For many years, she did just that. Sonia had a successful 36-year career as an attorney and executive with both the federal government and multinational corporations. As a leading voice in the second wave of the women’s movement in the United States, Sonia was one of the founders of the National Organization for Women (NOW) and Federally Employed Women and became the first female attorney employed in the Office of the General Counsel at the Equal Employment Opportunity Commission (EEOC), where she drafted many of the EEOC’s initial landmark decisions. Her work was important. It was satisfying. In fact, she’d always thought she’d work until she dropped. However, when nearing 65 she found herself working as an attorney at the U.S. Department of Housing and Urban Development, stuck in a job she really wasn’t altogether crazy about, that Sonia decided to retire. Returning home from her retirement party on May 29, 1993, exactly one day before her 65th birthday, the reality of what she’d done finally hit her. What on earth was she going to do now?

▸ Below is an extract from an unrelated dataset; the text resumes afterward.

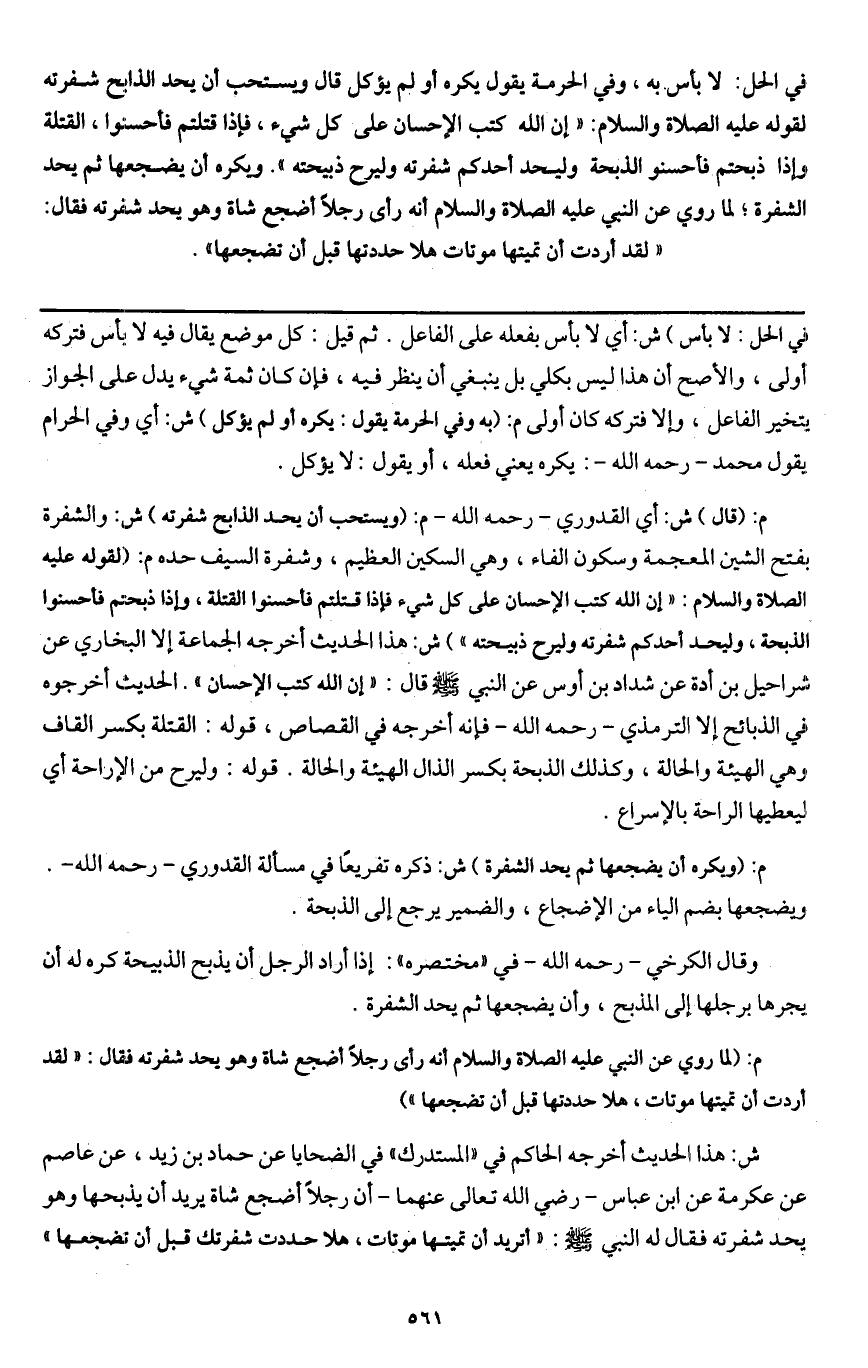 قال: ويستحب أن يحد الذابح شفرته لقوله - عَلَيْهِ الصَّلَاةُ وَالسَّلَامُ -: «إن الله كتب الإحسان على كل شيء، فإذا قتلتم فأحسنوا القتلة، وإذا ذبحتم فأحسنوا الذبحة وليحد أحدكم شفرته وليرح ذبيحته»

Sonia had always heard it was important before you retire to have a plan for what you were going to do afterward. Knowing that the D.C. Superior Court had a mediation program touted as one of the best in the country, Sonia decided that after retirement she would volunteer there. She applied and was told she’d made the first cut in her area of choice—domestic relations. People told her she was crazy by wanting to get involved with domestic cases. But Sonia had always been interested in human relations and felt it would be a good niche for her. When orientation day came, she and about 100 others were invited to attend mock sessions. However, stepping into that mock session proved to be completely different from what Sonia had anticipated.
“I was asked to go into a mock session where a husband and wife were arguing about divorce and child custody. As they were yelling at each other, I said to myself, ‘What do I need this for?’ I stayed the rest of the day and when I went home, I wrote to the court and said, ‘Take me off the list.’”
Sonia’s plan for retirement hadn’t worked out. She didn’t know what to do. The euphoria of retirement had worn off and she became dejected.
“When I worked, my job took me downtown from where I lived in Potomac, Maryland, a suburb of Washington, D.C. I always met people for lunch, or after work for dinner, and then we went on to a movie or theater in the evening. I wouldn’t get home until 10ish at night. The work tied me into a whole social life and now that was gone. My whole life I’d been ambitious and always striving for the next rung of the ladder. Everything was over—but I was still alive.”
Almost all the retirees Sonia knew had seemed to segue into retirement just fine. She was the only one left feeling this way, as if she had all this time on her hands and nothing meaningful to do with it.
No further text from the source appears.